Worried, sick and weary, Puerto Rican families settle in Cleveland

CLEVELAND, Ohio - More than six months after Hurricane Maria devastated the island of Puerto Rico, displaced residents are moving to the American mainland, including more than 1,200 families to the Cleveland and Lorain areas.

"The palm trees on the streets are recovering faster than the people," said Lorain City Councilman Angel Arroyo, who has taken supplies and organizing aid to the island since the Sept. 20 storm.

Among those who recently moved to Cleveland or Lorain, many expressed frustration with waiting to get their storm-damaged homes repaired and made livable again. Some were willing to do the work themselves, but lacked the materials to do so. They also complained that jobs were hard to find.
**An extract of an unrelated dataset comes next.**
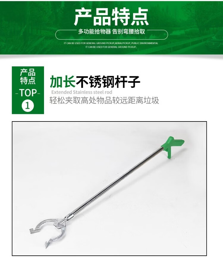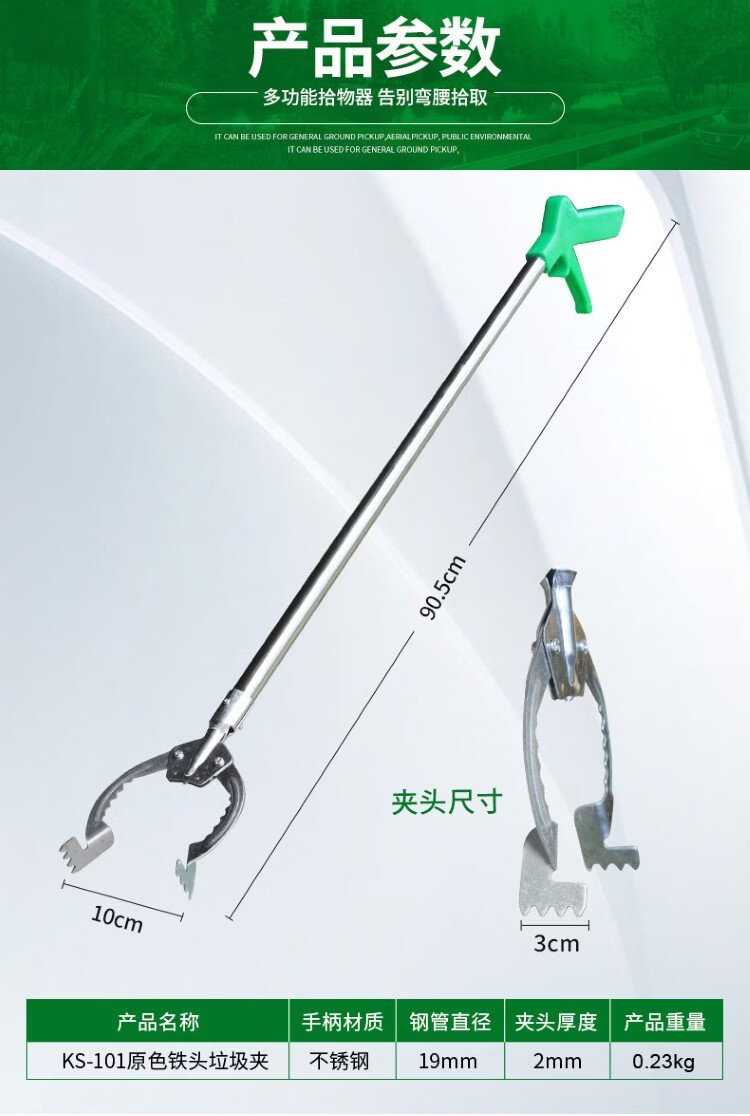 驰色 2505-KS-101原色铁头-加粗圆管弯柄垃圾夹 CS-CT 172 1个 无色(单位:个)

While most of the island residents have decided to stay, tens of thousands have opted to leave.

A report by CNN estimated that 179,000 flew from Puerto Rico to the United States since Sept. 20. Puerto Rico's education officials say so many students have left the island that 283 schools will close.

Since last may May, schools have lost 38,762 students and half of the island's schools are operating at 60 percent of capacity.
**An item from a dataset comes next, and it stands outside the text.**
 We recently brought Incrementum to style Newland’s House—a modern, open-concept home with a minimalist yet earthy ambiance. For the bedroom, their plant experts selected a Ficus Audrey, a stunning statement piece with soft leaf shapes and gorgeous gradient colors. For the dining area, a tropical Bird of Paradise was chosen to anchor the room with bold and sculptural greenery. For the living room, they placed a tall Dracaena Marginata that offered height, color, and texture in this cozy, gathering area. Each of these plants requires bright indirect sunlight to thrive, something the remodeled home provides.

Those who settled in the Cleveland and Lorain areas are adjusting, while many have moved in with family and friends, about 200 were still living in motels awaiting housing.

Nearly 1,000 families have settled in Cleveland. About 200 families have moved into the Lorain area.

Following are the stories of four people who left their old lives behind to move to the mainland. They face problems with language, housing, employment and transportation but are being helped by a network of Hispanic agencies, volunteer groups and churches in Northeast Ohio.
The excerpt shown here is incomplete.